Would you give the listing again exactly as written, minus its pictures?

====

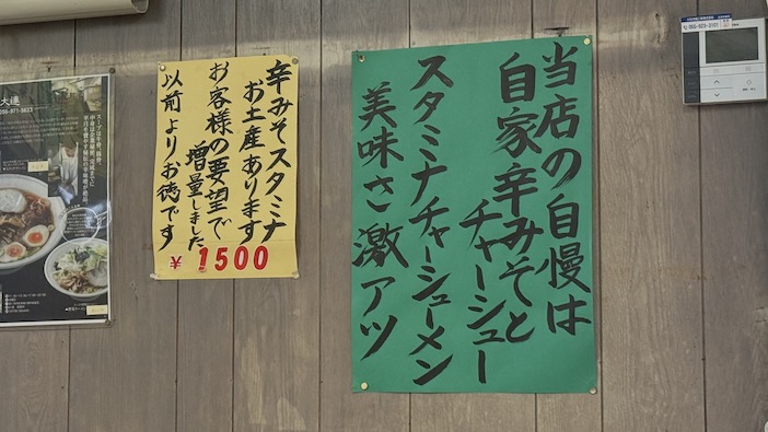 肝心なアピールが隠れちゃっていますが、当店の自慢は自家辛みそとチ なのでチャーシュー?
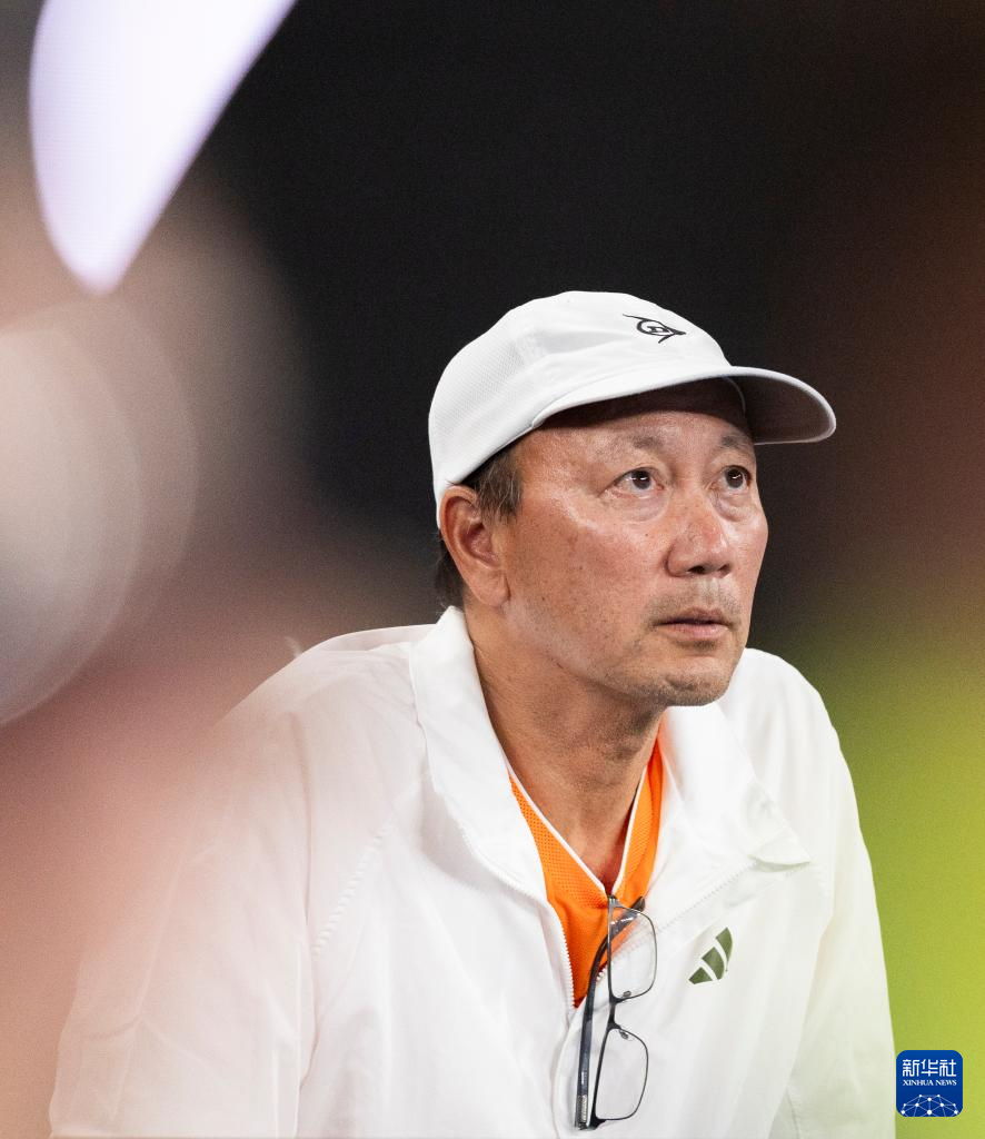 1月27日,勒纳·钱的教练张德培在场边观赛。
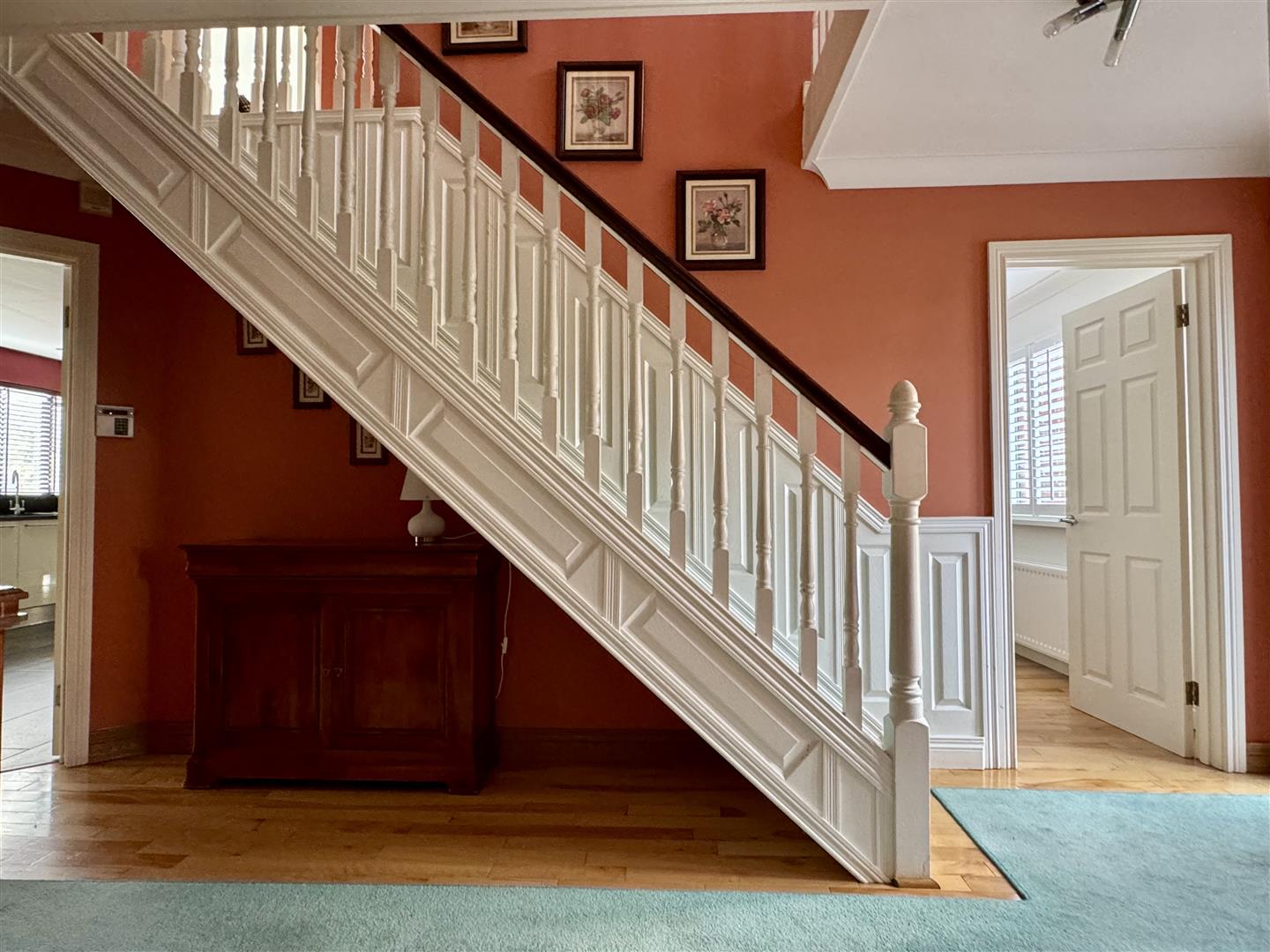 GROUND FLOOR Composite front door with double glazed full height twin side screens into: a well presented spacious entrance hall. Quality hardwood strip flooring extending through principal reception rooms. Feature painted panelled accent wall on staircase.
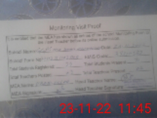 | Attendance Register | Head Teacher | MEA with School | Visit Proof |
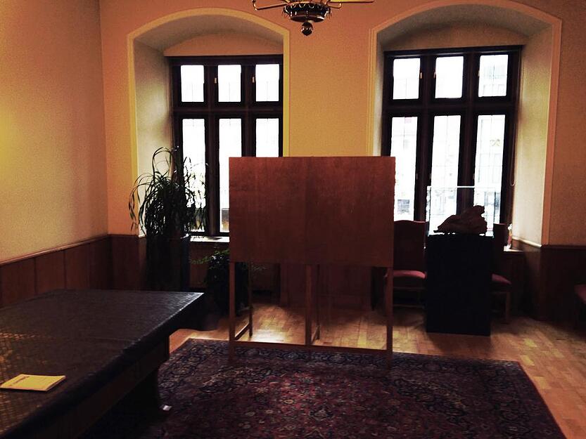 Das erste Wahllokal der Stadt - zumindest nach der Nummerierung - ist am Sonntagvormittag noch recht leer. Im Rathaus wurden bis gegen 11 Uhr 48 Stimmen abgegeben. Abgestimmt wird im Trauzimmer des Rathaus. Der Hinweis, dass das Werfen von Reis verboten ist, wirkt heute an dieser Stelle etwas deplatziert. Oder will die Stadtverwaltung schon vorbeugen, falls bei der Übertragung der Wahlergebnisse ab 18 Uhr im Rathaus zu heftig gefeiert wird?
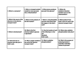 Question And Answer Cards For A Level Respiration By Jayto

====

Finished task:
 肝心なアピールが隠れちゃっていますが、当店の自慢は自家辛みそとチ なのでチャーシュー?
 1月27日,勒纳·钱的教练张德培在场边观赛。
 GROUND FLOOR Composite front door with double glazed full height twin side screens into: a well presented spacious entrance hall. Quality hardwood strip flooring extending through principal reception rooms. Feature painted panelled accent wall on staircase.
 | Attendance Register | Head Teacher | MEA with School | Visit Proof |
 Das erste Wahllokal der Stadt - zumindest nach der Nummerierung - ist am Sonntagvormittag noch recht leer. Im Rathaus wurden bis gegen 11 Uhr 48 Stimmen abgegeben. Abgestimmt wird im Trauzimmer des Rathaus. Der Hinweis, dass das Werfen von Reis verboten ist, wirkt heute an dieser Stelle etwas deplatziert. Oder will die Stadtverwaltung schon vorbeugen, falls bei der Übertragung der Wahlergebnisse ab 18 Uhr im Rathaus zu heftig gefeiert wird?
 Question And Answer Cards For A Level Respiration By Jayto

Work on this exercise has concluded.